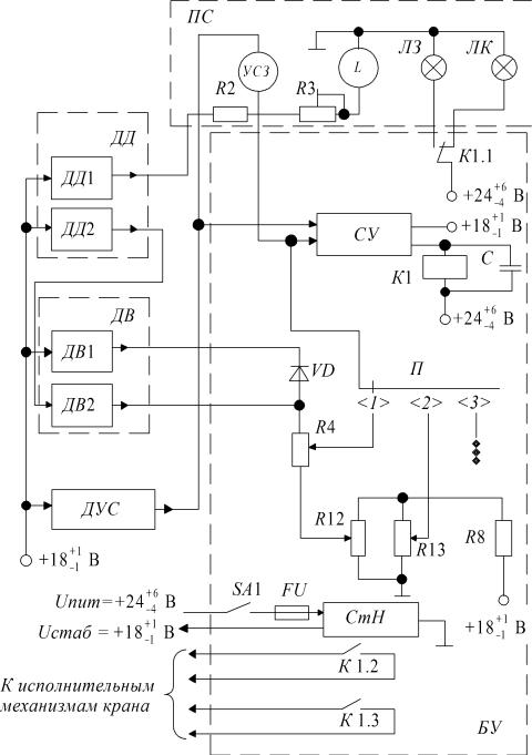напряжения и управляет состоянием реле. Если UДУС ≤ UДУГ, обмотка реле находится под напряжением, контакты реле замыкают цепи питания пр водов сполн тельных механизмов крана и работа крана разрешена. Если U > UДУГ, обмотка реле обесточена, СУ выдается ко-
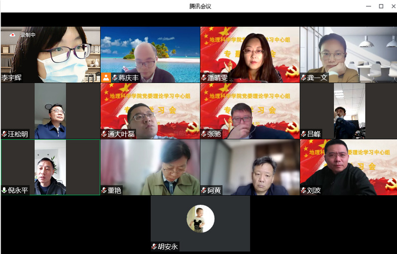 学院副院长刘波、地理系主任叶磊分别就“融入习近平生态文明思想的课程思政建设”“生态产品价值的实现机制”做了主题发言,与会中心组成员进行了讨论交流。学校二级党组织理论学习中心组学习督导员汪松明传达了校二级党组织理论学习中心组学习督导员会议的精神和要求,并对本次学习会进行了点评。
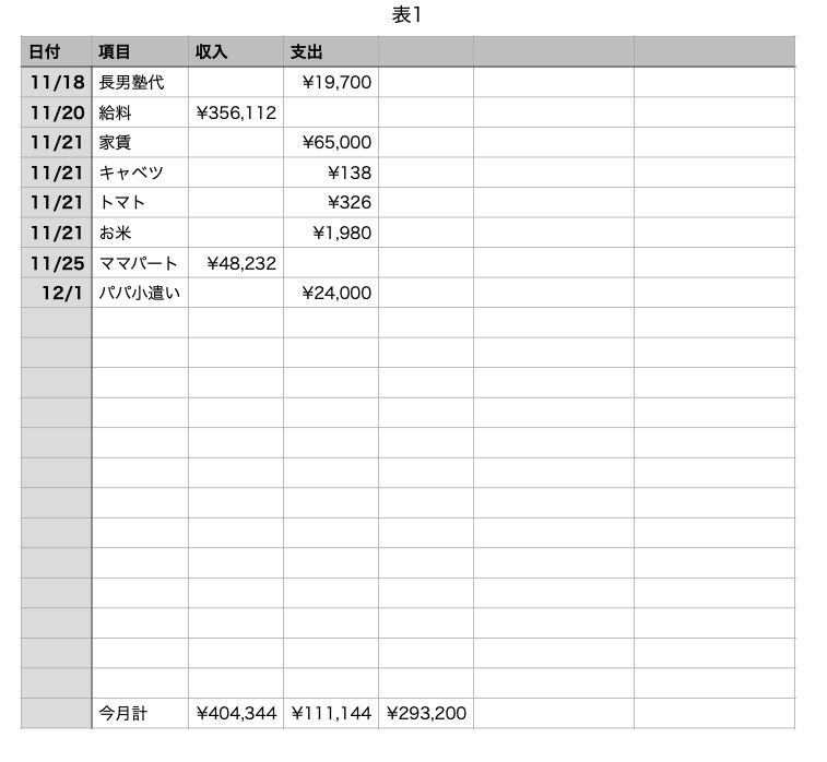 一般的に簡易な家計簿を作るのならこんな感じじゃない?
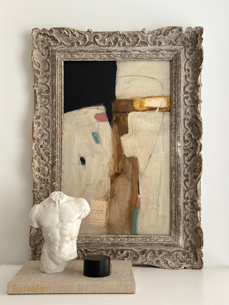 This original, hand crafted and one-of-one piece of art from Amanda Carol Collection is housed in a 22”W x 30.5”H VINTAGE* Ornate Montparnasse frame circa 1950 from France. A certificate of authenticity is included with each piece.
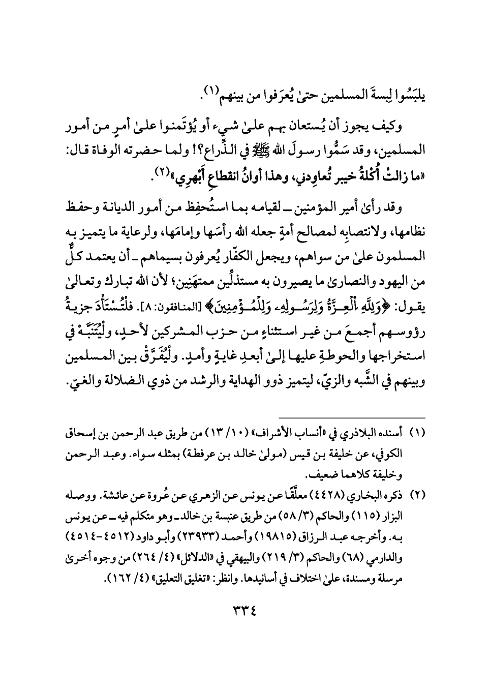 وقد رأى أمير المؤمنين ــ لقيامه بما استُحفِظ من أمور الديانة وحفظ نظامها، ولانتصابِه لمصالح أمةٍ جعله الله رأسَها وإمامَها، ولرعاية ما يتميز به المسلمون على من سواهم، ويجعل الكفّار يُعرفون بسيماهم ــ أن يعتمد كلٌّ من اليهود والنصارى ما يصيرون به مستذلِّين ممتهَنِين؛ لأن الله تبارك وتعالى يقول: {وَلِلَّهِ اِلْعِزَّةُ وَلِرَسُولِهِ وَلِلْمُؤْمِنِينَ} [المنافقون: ٨]. فلْتُسْتَأْدَ جزيةُ رؤوسهم أجمعَ من غير استثناءٍ من حزب المشركين لأحدٍ، ولْيُتَنَبَّهْ في استخراجها والحوطةِ عليها إلى أبعدِ غايةٍ وأمدٍ. ولْيُفَرَّقْ بين المسلمين وبينهم في الشَّبه والزيّ، ليتميز ذوو الهداية والرشد من ذوي الضلالة والغيّ.

----

**TASK INSTRUCTIONS**
Although the records hold pictures, the copy must not; give again exactly the lines from the one with "学院副院长刘波、地理系主任叶" through the one with "This original, hand".

**ANSWER BELOW**
 学院副院长刘波、地理系主任叶磊分别就“融入习近平生态文明思想的课程思政建设”“生态产品价值的实现机制”做了主题发言,与会中心组成员进行了讨论交流。学校二级党组织理论学习中心组学习督导员汪松明传达了校二级党组织理论学习中心组学习督导员会议的精神和要求,并对本次学习会进行了点评。
 一般的に簡易な家計簿を作るのならこんな感じじゃない?
 This original, hand crafted and one-of-one piece of art from Amanda Carol Collection is housed in a 22”W x 30.5”H VINTAGE* Ornate Montparnasse frame circa 1950 from France. A certificate of authenticity is included with each piece.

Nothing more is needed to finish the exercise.